Edinburgh’s Guinness PRO14 game against Munster at Thomond Park on Saturday is in doubt after the Irish province suspended training until Thursday due to a positive Covid-19 test.
A “senior player” who did not travel with the Irish province’s squad to last weekend’s game against Scarlets in Wales has tested positive and six other players have been identified as close contacts.
It’s another example of the unexpected difficulties of playing through a pandemic although Edinburgh head coach Richard Cockerill will carry on as if nothing is happening.
“Our medics are talking to Munster and the PRO14, and that’s not for me to get involved in, I’ve got enough to deal with,” he said.
“From a rugby point of view, myself and Johann (van Graan) are just trying to get teams ready to go out to play and we don’t need to get involved in these conversations. We’ll prepare our teams and someone will tell me later in the week whether we can play or not.”
Edinburgh are likely to be pared to the bone in personnel once the international windows starts next week, and Cockerill added that “19 positive tests and I reckon we won’t be playing because there’ll be nobody left”.
“We’re going to have to navigate our way through it as best we can. We’ve just got to attack it full on and roll with the punches. It’s going to be a very stop-start season by the looks of it.”
Cockerill is also having to regroup his squad after last week’s dispiriting loss to Ospreys at Murrayfield, their fourth defeat in a row.
“Off the back of that we now have to go to Thomond Park and get points off Munster, we don’t make things easy for ourselves, do we?” he added.
Cockerill felt that Ospreys senior men, Alun Wyn Jones and Justin Tipuric, took responsibility for their game in a way his senior players didn’t.
“My experience of working here and with other teams is that the Scottish guys are quieter and a bit more subdued,” he said. “They’re good guys and they work hard but they’re not natural, overt personalities or leaders.
“So we’ve got to keep working on that.

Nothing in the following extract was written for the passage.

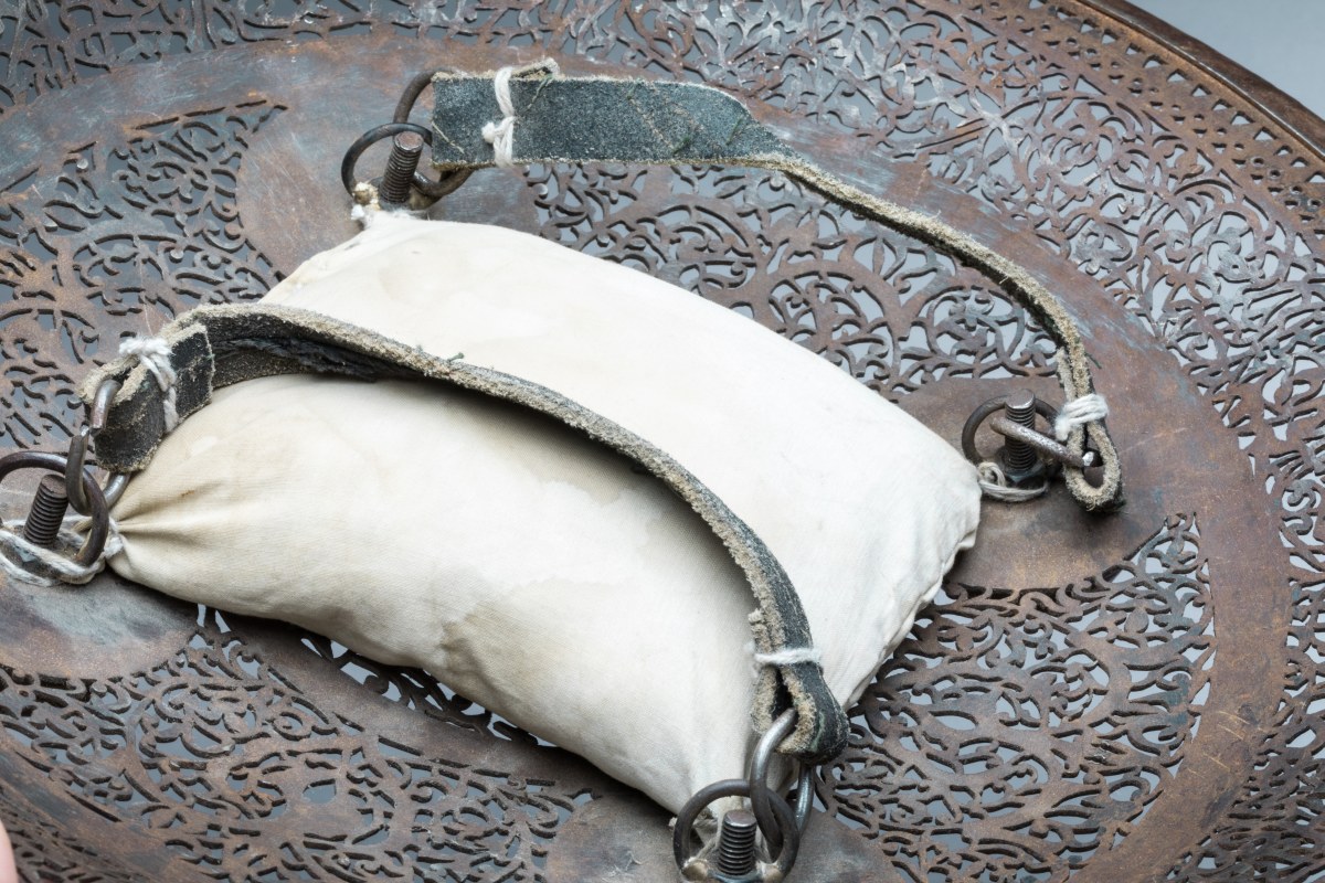 Deux porte-plumail de part et d'autre d'un nasal mobile décoré d'un médaillon à jours en partie haute et de palmettes à la base.

They’ve got the knowledge. We’ve just got to get it out of them in the key bits to manage certain situations.
“We’ve got to get back on the training field and realise it’s just one game. I have to coach them better and get them better, because we’ve got eight weeks coming up without our test guys, whatever that looks like.
“There are some good age grade lads in our group who will get opportunities and they’re going to get the chance to play. The next eight weeks is going to tough for all sorts of reasons but if we go and win at Thomond at the weekend it’ll turn the momentum, and if we win the next seven or eight games without most of our team, then the whole world looks different.”
Charlie Shiel, Luke Crosbie, Blair Kinghorn and Henry Pyrgos will all be missing this week, but Rory Sutherland, Duhan van der Merwe and Nic Groom have all returned to training and should be available.